I recently moved into a new apartment. If you know me, you know I move A LOT. In fact, this will be the 12th time I have literally packed up my stuff and moved to a different location...all in about 5 years. Its been quite ridiculous and I am aware of that. But this place is a keeper. It was built in 1928. This is part of why I love it so much. It has all these neat bits of character: an arched doorway, a wall cutout for a phone, an ironing board that comes out from the wall, wood floors. Its perfect for me and Peanut (who happens to be the cutest dog in the planet). Not to mention that the location being closer to my sisters house is a huge plus.

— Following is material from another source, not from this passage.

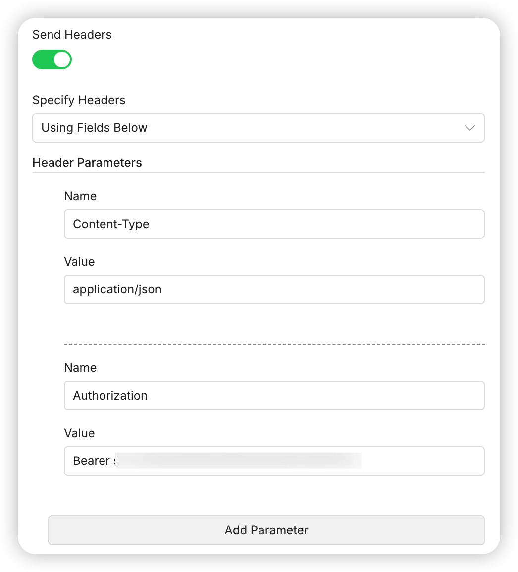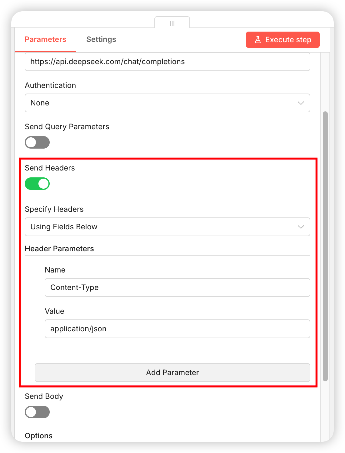 如果你没按照《『n8n』接入本地部署的 DeepSeek》里创建 DeepSeek 凭证,就需要点击 Send Headers 里的 Add Parameter 按钮创建多一项,手动填入 Authentication 和对应的 key。

I have never been happier in an apartment. Its more than an apartment to me here. Its a home. And I'm working on making it mine. All my life Ive had hand-me-down things; this time around I wanted things in my place that I PERSONALLY picked out. So I've been selling almost everything I had so that I would have the funds to buy all new things. I'm only a few items away from being done. I've already bought my first kitchen table, bed, rugs, curtains, and I got the red couch I've always wanted! I just need to sell my dresser and my love seat, purchase a chair or chaise lounge, and then I'll be done. I cant wait. Its been quite the task but its so worth it. It makes me feel like I'm growing up in a sense...making big purchases...creating a home. Its exactly what I needed after turning 25.

25 was a big year for me. The last time I remember FEELING older on a birthday was when i turned 20. I was leaving the teens and that felt like a big deal. I suppose it was in its own ways but 25 is a much bigger deal. I always thought I'd be married with at least one kid by 25. Especially since I was ready to be married at 18 (and I don't mean like a kooky ridiculous school girl ready). Little did I know God had other plans for me. If Id have been married when I wanted not only would it be to someone awful (haha) but I wouldn't have been able to dive into the theatre world like I did. Not that you cant be married in the theatre world, but when I dove in I DOVE in. We're talking 7 days a week. No marriage can survive a 9-5 PLUS every night at the theatre 365 days a week. Its just not possible. Id have missed out on lots of experiences and relationships that I feel have been a big part of who I am today. I don't know where or who I'd be without all of that influence and love. I was always one who moped about being single during my teen years. And in my early twenties til recently I had actually adopted the idea of single "cat lady"...though my pet of choice would be dogs. Cats are icky, haha. This was a legitimate thought process that Id seriously almost come to terms with. And then things changed.

Its a beautiful, exciting, wonderful thing when someone you've known awhile starts being noticed in a different light. And its even more beautiful, exciting, and wonderful when you realize that person has noticed you in the same light. So after lots of awkward goodbyes in the Griffis front lawn, heart pounding nervous texts, and moments that the butterflies could carry you away I found myself dating the most amazing man in the world. Friday will be 5 months with Jeremiah, otherwise known as Jeremiah Lamentations or Meerkat depending on the crowd. I can honestly say its been 5 of the greatest months in my life. I can also honestly say that I never would have thought you could fall in love with someone so deeply and sincerely so quickly...but you can. And I did. I now only look forward to the exciting things life has to bring us.

"Us": A word I'd almost given up on.